Sam koniec wieku XIX zapowiada więc treść książek kucharskich, która niebawem stanie się niezwykle popularna (zasady i sposoby przyjmowania gości), a z czasem - jako temat - uzyska książkową niepodległość będąc autonomicznym tematem wielu publikacji. Podejście Bogackiej do zasad dobrego wychowania (i do gotowania) jest pragmatyczne i zapewne tym właśnie, szczerym stawianiem spraw, zdobyła tak ogromną popularność.
- Zdarza się często, że mamy wielką ochotę wyjść z domu: a wtem gość nadchodzi… Prawdziwa znajomość świata wymaga: nie dać poznać po sobie nieprzyjemnego uczucia, doznawanego w tej chwili i poświęcić własną spodziewaną przyjemność w celu okazania grzeczności dla odwiedzającej nas osoby - pisze bez ogródek. W innym miejscu: - Niech Bóg uchowa każdego od rozmów o polityce - zwłaszcza, jeśli biesiadnicy są przekonań odmiennych!
Przypomina to słynne, starsze o stulecie, francuskie podręczniki wydawania przyjęć i rozprawy o jedzeniu, zresztą na Anthelme’a Brillat-Savarina Bogacka powołuje się w przedmowie. Zresztą, pomimo galicyjskiego obywatelstwa i sympatii (kilka austriackich przepisów, wspomnienie „członków Najdostojniejszej Cesarskiej Rodziny”), autorka często spogląda ku Francji. Trzeba jednak zaznaczyć, że o ile książka Biełozierskiej wyraźnie adresowana jest do gotującej i oszczędnej czytelniczki, w "Powszechnej kuchni swojskiej" składnikami szafuje się raczej hojnie i często wspomina się o służbie. To już ostatni raz. Tak wyczekiwana nowoczesność w końcu nadejdzie.
Tort czekoladowy.
Fot. Tracy Hunter. Creative Commons BY 2.0
„Tort czokoladowy” z "Powszechnej kuchni swojskiej"

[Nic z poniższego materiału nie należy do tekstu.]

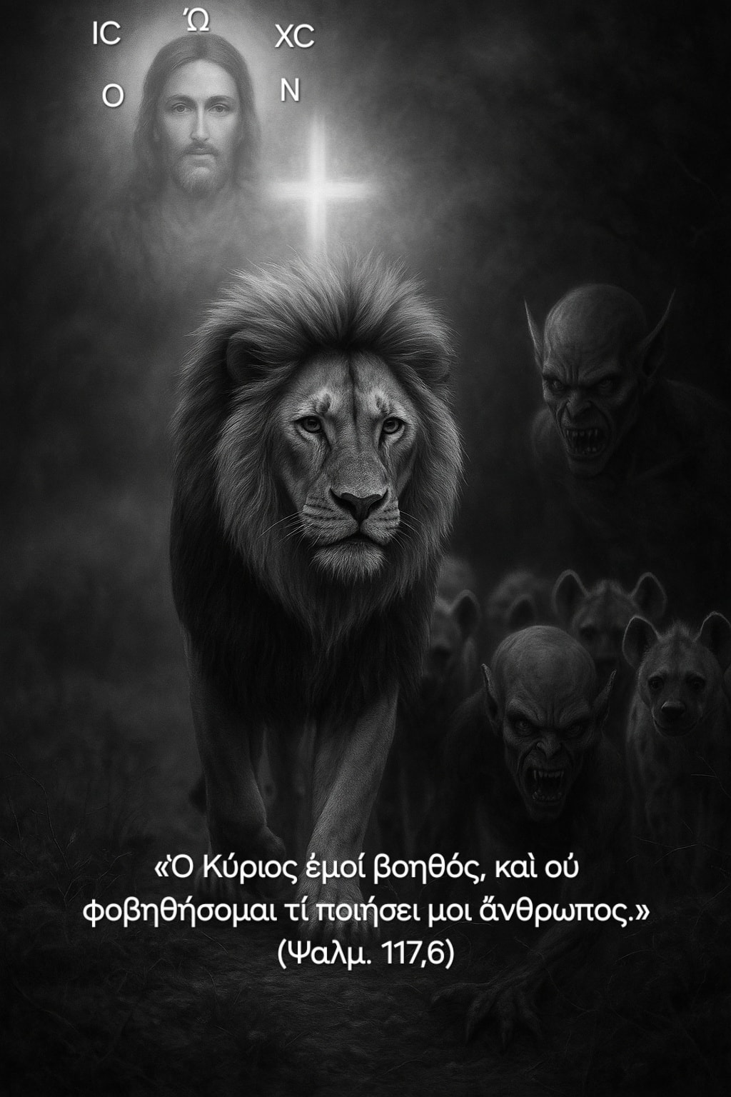 Η εικόνα μιλά για όλους μας: το λιοντάρι είναι η ψυχή μας που καλείται να βαδίσει με θάρρος, και οι ύαινες είναι οι εχθροί της σωτηρίας μας. Ας πάρουμε θάρρος και ας κάνουμε την αρχή.

Pół kilograma oczyszczonych migdałów ususzyć, utłuc je miałko wraz z szarą łuską i przełożyć do makutry, dodać 32 dkg cukru miałkiego, wbić po jednemu 24 żółtka i wycierać ciągle w jednę stronę przez godzinę. Potem dodać 1/2 kg dobrej utartej czekolady, 6 g cynamonu, ubitą pianę z 12. białek - i to ostrożnie wymieszać. W końcu nasmarować formę tortową niesolonem masłem, wysypać tartym sucharkiem, przełożyć weń masę i upiec. Po wyjęciu ulukrować tort i ubrać podług gustu.
Mikserem, robotem lub blenderem pracuje się szybciej niż w makutrze. Nie trzeba ucierać godzinę, wystarczy osiągnąć jednolitą, gładką masę. Piec w 170-175 stopniach przez 30-40 minut, sprawdzać patyczkiem.